The method was published in 2007, see [paper](https://utstat.toronto.edu/reid/sta414/frey-affinity.pdf).

Affinity propagation creates clusters by sending messages between pairs of samples until convergence. A dataset is then described using a small number of exemplars, which are identified as those most representative of other samples.

Affinity propagation improves on some of the downsides of $k$-means. In $k$-means, a random set of points are chosen as initial cluster centers. This can be turned into $k$-medoids by instead choosing $k$ points from the dataset as initial cluster centers. However, this can still be problematic because the initial cluster centers may be chosen poorly and lead to poor convergence.

Instead, affinity propagation considers all the points as potential cluster centers at the start. Then, it iteratively considers messages sent between points until a set of exemplars emerges that best represents the dataset. Points exchange two kinds of messages with each other:

1. *Responsibility*: How well-suited one point is to serve as the exemplar for another point. A point sends a high responsibility to another point if it would make a good exemplar.
2. *Availability*: How appropriate it would be for a point to adopt another point as its exemplar. A point sends a high availability to another point if it thinks that point should be its exemplar.

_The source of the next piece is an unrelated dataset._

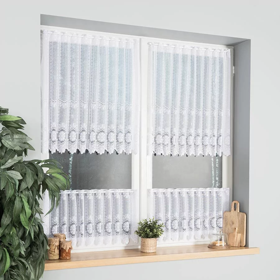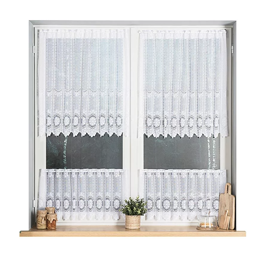 Przywitaj w swojej kuchni elegancję i styl dzięki zazdrostce żakardowej 018532! Niezależnie od wysokości Twojego okna, mamy idealne rozwiązanie dla Ciebie. Nasza zazdrostka jest ozdobiona delikatnym, ażurowym motywem roślinnym, który doda przytulności i uroku Twojemu wnętrzu. Co więcej, dzięki dostępnym oczkom na karnisz, instalacja jest szybka i bezproblemowa. Po prostu zawieś panel zazdrostki i ciesz się pięknem bez potrzeby obszycia. Wybierz zazdrostkę żakardową 018532 - doskonałe dopasowanie do każdej kuchni!

The algorithm starts by setting all the responsibility and availability values to 0. Then, it iteratively updates the values until they converge. The final exemplars are those points with the highest sum of responsibility and availability.

Here are the formulas for responsibility and availability:

$$r(i, k) \leftarrow s(i, k) - \max_{k' \neq k} \{ a(i, k') + s(i, k') \}$$

$$a(i, k) \leftarrow \min \{ 0, r(k, k) + \sum_{i' \not\in \{i, k\}} \max \{ 0, r(i', k) \} \}$$

where $s(i, k)$ is the similarity between points $i$ and $k$. This is repeated until the values converge, or until a maximum number of iterations is reached.

The downside of this algorithm is its cost: $O(N^2 T)$, where $N$ is the number of samples and $T$ is the number of iterations until convergence. This is because the algorithm must consider every pair of points, and it must iterate until the values converge. This makes affinity propagation most appropriate for small to medium sized datasets.

The benefits of this algorithm are that it does not require the number of clusters to be specified, can use any distance matrix, and it works very well on small datasets.